As LLMs become more prevalent, there is an increasing need to systematically evaluate their responses to ensure they generate reliable, accurate, and ethical content. LLM-as-a-Judge is a framework that leverages other configured LLMs as evaluators, assessing responses based on specific metrics to ensure quality and relevance. This approach is gaining momentum because human evaluation is often slow and expensive.
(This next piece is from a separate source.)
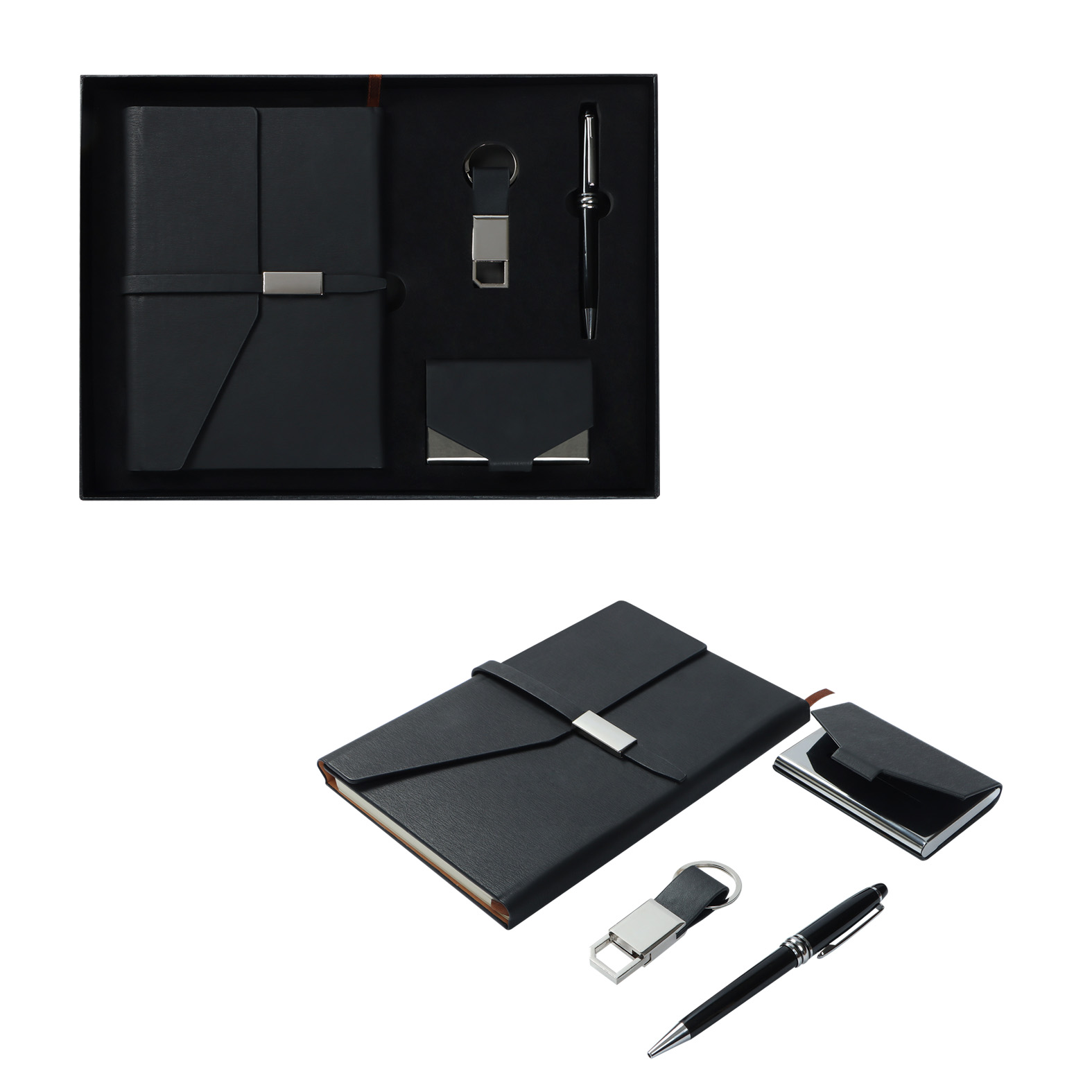 BASS Set ejecutivo que incluye: 1 libreta tipo carpeta con cierre magnético, 1 llavero metálico con correa, 1 pluma de metal con mecanismo retráctil y un tarjetero.
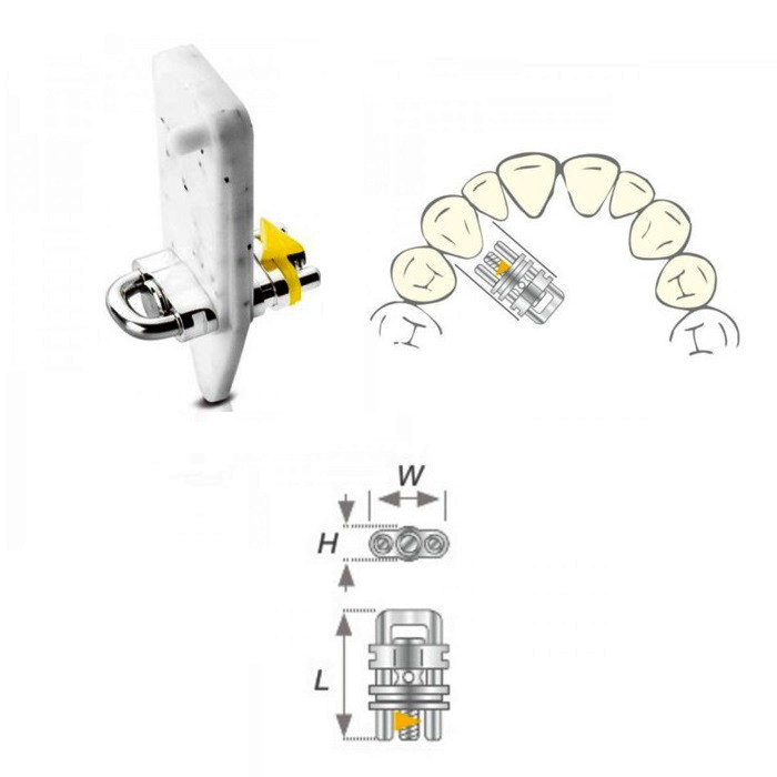 Секционный ортодонтический миниматюрный винт, для небольших конструкций, с желтой направляющей стрелкой.

In this workshop, Aishwarya Reganti, an Applied Science Tech Lead for Generative AI at AWS, teaches you how to configure LLMs as evaluation judges, providing hands-on experience with commonly used metrics through the AWS Bedrock platform, the fm-eval library, and the Ragas library. We will also explore designs that can make the evaluation process more robust and effective for various use cases.
Presenter Bio
Aishwarya Naresh RegantiApplied Science Tech Lead for Generative AI at AWS
Aishwarya works in the AWS Generative AI Innovation Center helping customers pinpoint and evaluate valuable uses for generative AI. She has 8 years of machine learning experience and over 30 publications on AI. Aishwarya also works as a guest lecturer for MIT and the University of Oxford. She is a cofounder of the LevelUp Org tech community. Previously, Aishwarya was an Applied Scientist in Amazon's Aearch team and Alexa Teachable AI team.